Hintergrund

Kein normaler Umzug

Rabbiner Pinchas Goldschmidt, Präsident der Europäischen Rabbinerkonferenz, IKG-Präsidentin Charlotte Knobloch und Gady Gronich (v.l.) Foto: Europäische Rabbinerkonferenz/CER

Vor fast genau 100 Jahren griff Adolf Hitler zum ersten Mal nach der Macht. Sein Putsch in München scheiterte zwar, machte den Provinzpolitiker aber auf einen Schlag über Bayern hinaus bekannt. Wie keine andere Stadt steht München seither für den Aufstieg des Nationalsozialismus.

Am kommenden Dienstag geben sich nun führende Vertreter des europäischen Judentums, das Hitler bekanntlich ausrotten wollte, ein Stelldichein in München. Diesmal nicht nur für ein paar Tage Konferenz wie 2022. Sie kommen, um zu bleiben.

Symbolisch Ein historischer Moment: Erstmals nach der Schoa verlegt eine internationale jüdische Organisation ihren Hauptsitz ins »Land der Täter«. Und dann auch noch nach München, also an den Ort, der im Nazijargon einmal »Hauptstadt der Bewegung« hieß. Das lädt den Umzug der orthodox geprägten Konferenz Europäischer Rabbiner (CER) aus London nach Bayern symbolpolitisch mächtig auf.

Für »meschugge«, also verrückt, hätten einige diese Idee anfangs gehalten, erzählt Sprecher Oliver Rolofs.
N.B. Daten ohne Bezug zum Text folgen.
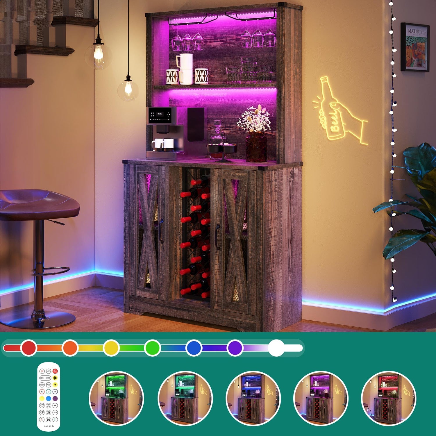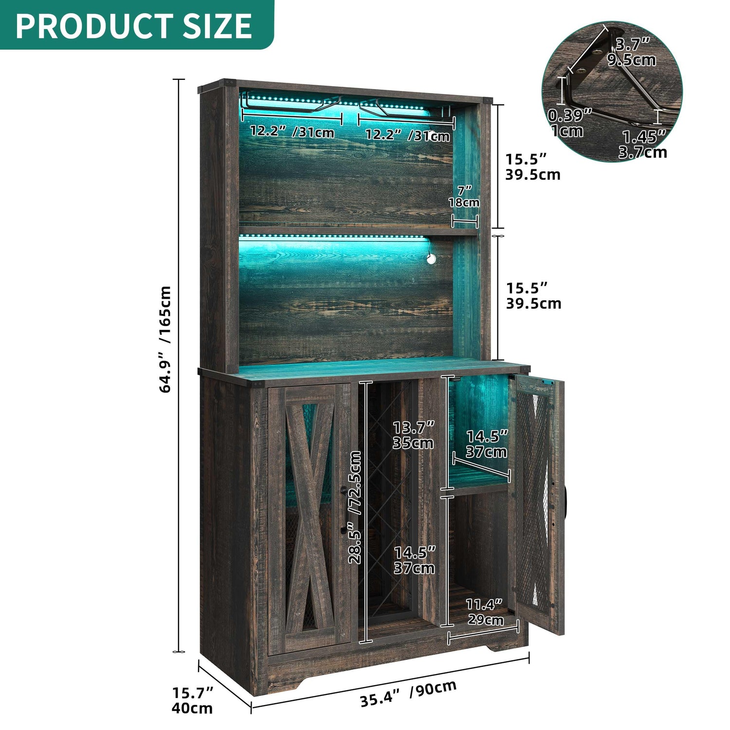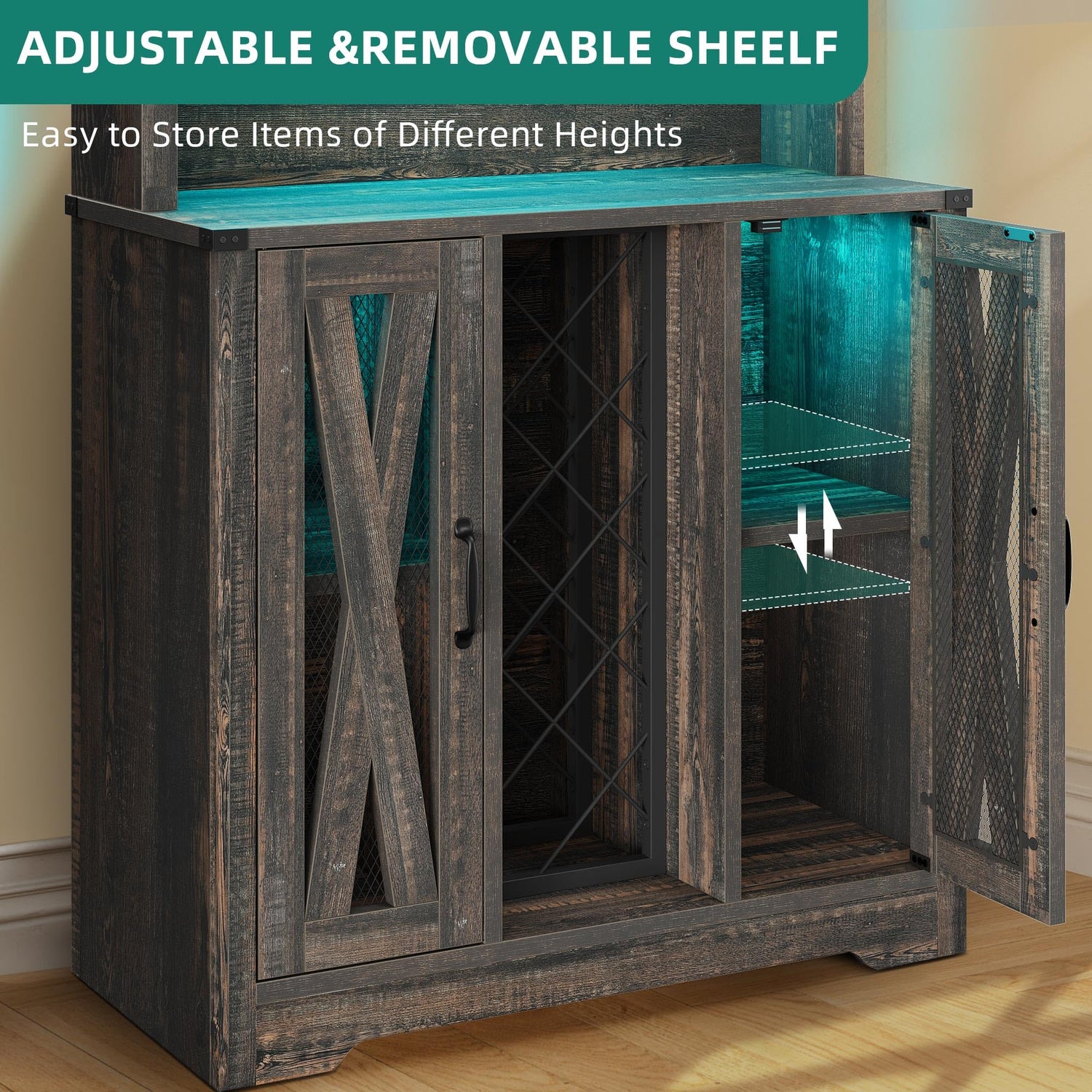 YITAHOME Wine Bar Cabinet, LED Farmhouse Liquor Cabinet Coffee Bar with Adjustable Shelves, 65 Inch Buffet Kitchen Storage Cabinet for Dinning Room, Kitchen, Living Room, Dark Rustic Oak

Doch aus einem »Wie könnt ihr nur« ist ein »Gerade deshalb« geworden. Es gehe um ein Zeichen auch an die Adresse von Antisemiten und Israelfeinden, wer am Ende der Geschichte letztlich die Nase vorn habe, sagt Rolofs selbstbewusst. Er spricht für die Repräsentanten mehrerer hundert jüdischer Gemeinden zwischen Dublin und Wladiwostok.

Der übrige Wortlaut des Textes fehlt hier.